The painting in the corner
Picasso rolled up the Demoiselles in late 1907 and propped it against the wall behind some other canvases. It stayed there. He moved twice in the years that followed — to a bigger studio on the boulevard de Clichy in 1909, and then again, after his marriage to Olga Khokhlova, to a respectable flat on the rue La Boétie in 1918 — and the rolled canvas moved with him each time.
What he did instead, in those nine years, was paint Cubism.
Braque comes back
Within months of Braque’s “turpentine” visit, Braque had started painting landscapes at L’Estaque in the south of France that, to Matisse, looked like little cubes. Matisse said so to a critic. The critic wrote it down. The label stuck. By 1909 Picasso and Braque were working in the same studio building in Paris, visiting each other daily, deliberately not signing the fronts of their canvases so that buyers had to flip them over to find out whose was whose.
Salon d'Antin, one room
In July 1916, during the Battle of the Somme, the poet André Salmon organized a small exhibition at the Salon d’Antin, on the boulevard d’Antin in Paris. Picasso lent a single picture. It was the rolled-up canvas from 1907. Salmon, who had to invent a title on the spot to print in the catalog, called it Les Demoiselles d’Avignon — a softened-up reference to the women on the Carrer d’Avinyó in Barcelona. The title stuck. It is now what it is called.

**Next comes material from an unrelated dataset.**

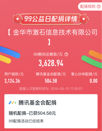9月9日該項目配捐的款項***達成,作為***家對該項目明確支持的企業,愛一起協會會長金巧花等協會理事成員及骨干一行,近日到公司表示感謝,金華激石總經理沙顯忠先生表示,在公益形式多樣的時代里,提倡并支持此類,做實事的公益項目,也認為愛心公益對企業及員工,都能帶來正面的影響,支持并會持續助力該項目的后續進行。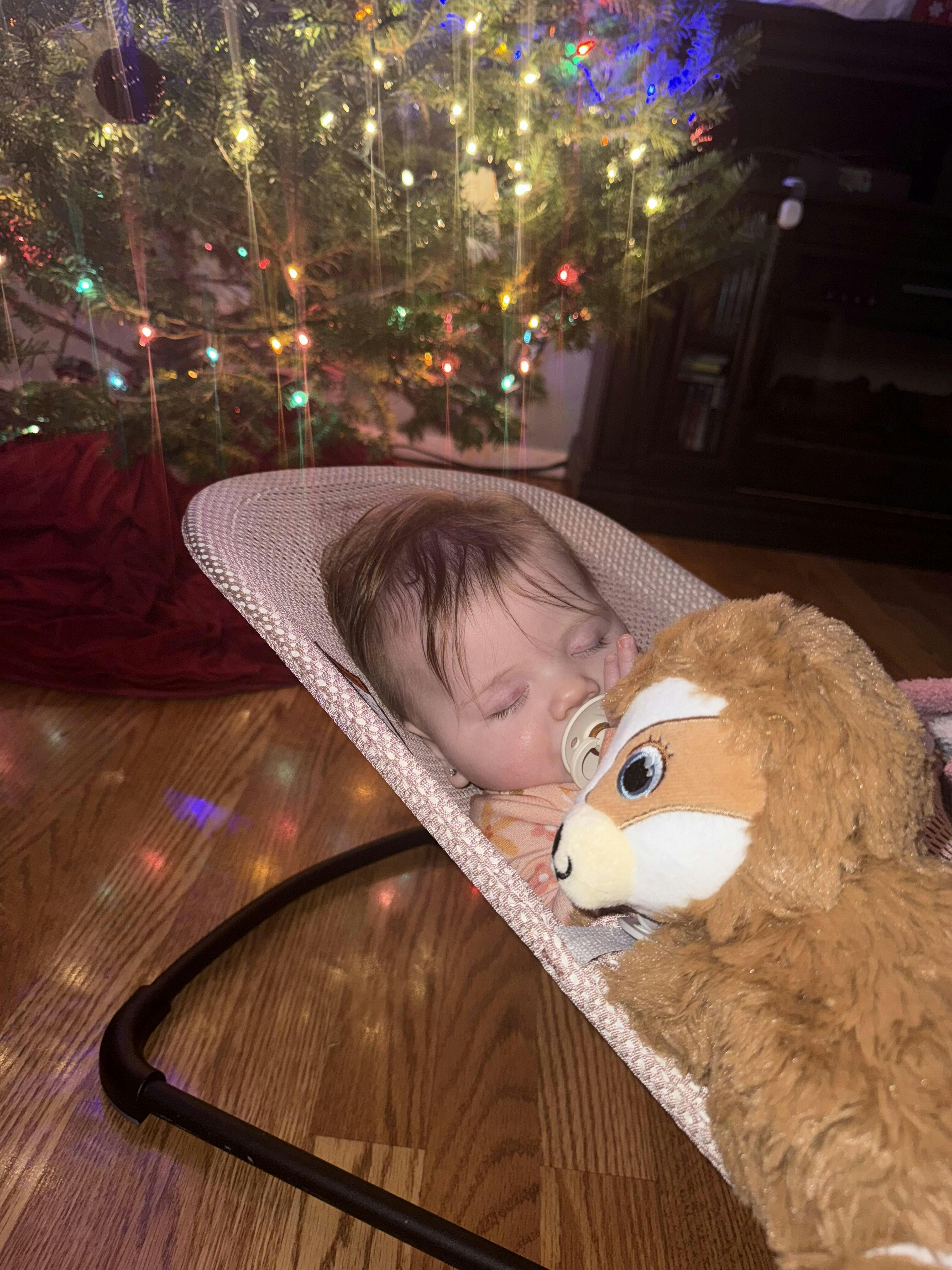 We love this portable sound machine that doubles as the cutest stuffie! The smart sensor that senses when baby is stirring and turns on is a total game changer!

The painting was on the wall for one month. The war was on. Paris was distracted. A few critics noticed. Most did not. Picasso took the picture down at the end of August, rolled it up again, and put it back in the studio.
He sold it eight years later, in 1924, to a couturier named Jacques Doucet.
Most of the painters who would go on to make Cubism — Léger, Delaunay, Gris, the Italian Futurists — never saw the Demoiselles itself. They saw photographs, and they heard about it, and they took inspiration from the work Picasso made AFTER it. The picture that broke the window had been hiding behind another window the whole time.